On Jan. 20, the Supreme Court took an unprecedented step in overruling a lower court in a death penalty case. In 1999, Mark Christeson was convicted of brutally murdering Susan Brouk and her two young children. He was then sentenced to death later that year. Death penalty experts who were brought in asserted that Christeson’s lawyers failed to adequately represent Christeson by missing the deadline to submit a federal appeal.

The lawyers refused to step down from the case and the lower courts refused the substitution. The Supreme Court was then forced to intervene, claiming that the lawyers had a conflict of interest and could not be expected to argue a case that could hurt their careers. Christeson’s new lawyer, Jennifer Merrigan, said, “There were serious constitutional errors in his trial and those have never been listened to.” Christeson’s lengthy and messy case exemplifies why the death penalty should be reviewed more carefully in the United States.
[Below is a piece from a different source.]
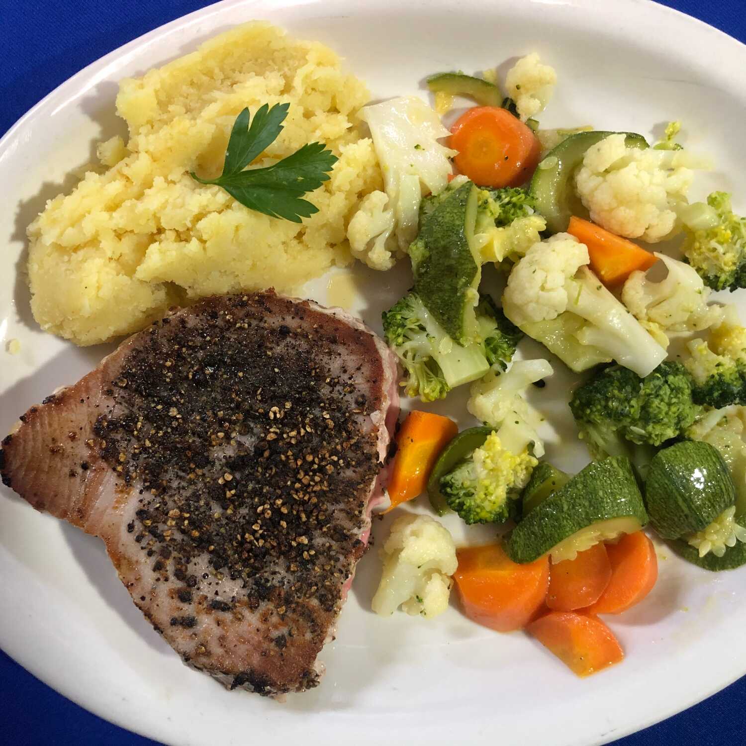 250gr aprox.. acompañado de pure de papa y verduras a la mantequilla

The death penalty, despite its long legacy, is a troubling and divisive topic for many citizens. Though the United States remains an adherent to the death penalty, according to a October 2014 Gallup poll, nationwide support for the death penalty is at a 40-year low. This is due to findings revealing the absence of absolute certainty in the trial process.
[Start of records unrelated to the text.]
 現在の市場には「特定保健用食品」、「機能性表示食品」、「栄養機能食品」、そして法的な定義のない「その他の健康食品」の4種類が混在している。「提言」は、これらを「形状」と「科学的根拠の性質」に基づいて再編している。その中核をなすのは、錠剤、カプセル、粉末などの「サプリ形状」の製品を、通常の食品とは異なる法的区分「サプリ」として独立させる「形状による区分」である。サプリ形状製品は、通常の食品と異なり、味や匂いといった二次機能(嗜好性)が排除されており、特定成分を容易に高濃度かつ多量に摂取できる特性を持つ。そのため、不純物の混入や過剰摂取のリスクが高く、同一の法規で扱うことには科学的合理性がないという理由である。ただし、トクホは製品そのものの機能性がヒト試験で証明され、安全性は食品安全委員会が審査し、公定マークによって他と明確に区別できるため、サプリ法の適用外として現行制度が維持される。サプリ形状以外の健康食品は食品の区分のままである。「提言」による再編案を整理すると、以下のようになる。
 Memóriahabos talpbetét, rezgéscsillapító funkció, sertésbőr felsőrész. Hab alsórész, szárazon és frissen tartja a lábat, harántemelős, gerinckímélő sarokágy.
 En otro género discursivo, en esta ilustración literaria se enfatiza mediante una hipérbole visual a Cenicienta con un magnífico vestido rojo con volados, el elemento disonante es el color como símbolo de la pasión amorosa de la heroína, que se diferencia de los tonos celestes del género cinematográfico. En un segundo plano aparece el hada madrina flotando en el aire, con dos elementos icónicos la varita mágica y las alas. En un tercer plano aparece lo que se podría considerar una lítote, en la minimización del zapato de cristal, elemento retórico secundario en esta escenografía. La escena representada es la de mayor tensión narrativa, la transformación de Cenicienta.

It is also clear that the United States has struggled to find the appropriate method to both ensure fair trials in death penalty cases and perform executions in ways deemed “humane.” Since 1976, 1,399 people have been executed in the United States, but there is no way of knowing how many of those executed were innocent because the courts do not usually entertain innocence claims after death. There are a few cases, however, with strong evidence pointing to innocence that have sparked controversy.
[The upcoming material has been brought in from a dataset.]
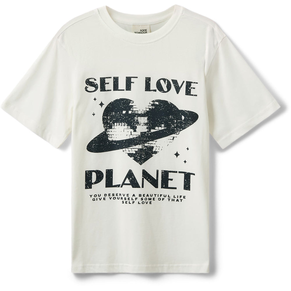 Let your child shine in this Sofie Schnoor Snow White ZenaSY T-shirt! With its classic fit and comfortable round neckline, it's perfect for everyday wear and play. On the front, a large and colorful print adorns with the text "Self Love Planet" along with a fun disco heart that adds a playful touch. This T-shirt combines comfort and style, so your child can feel comfortable and look amazing every day!

A key problem in prosecuting fair death penalty trials is eyewitness misidentification, which factored in 72 percent of wrongful convictions overturned by DNA evidence. In this way, improper or missing forensics is also a essential piece of evidence that can be used to convict innocent defendants. According to the Innocence Project, a nonprofit organization that uses DNA evidence to overturn wrongful convictions, “In about 30 percent of DNA exoneration cases, innocent defendants made incriminating statements, delivered outright confessions or pled guilty.” These confessions are often the result of official misconduct by officials.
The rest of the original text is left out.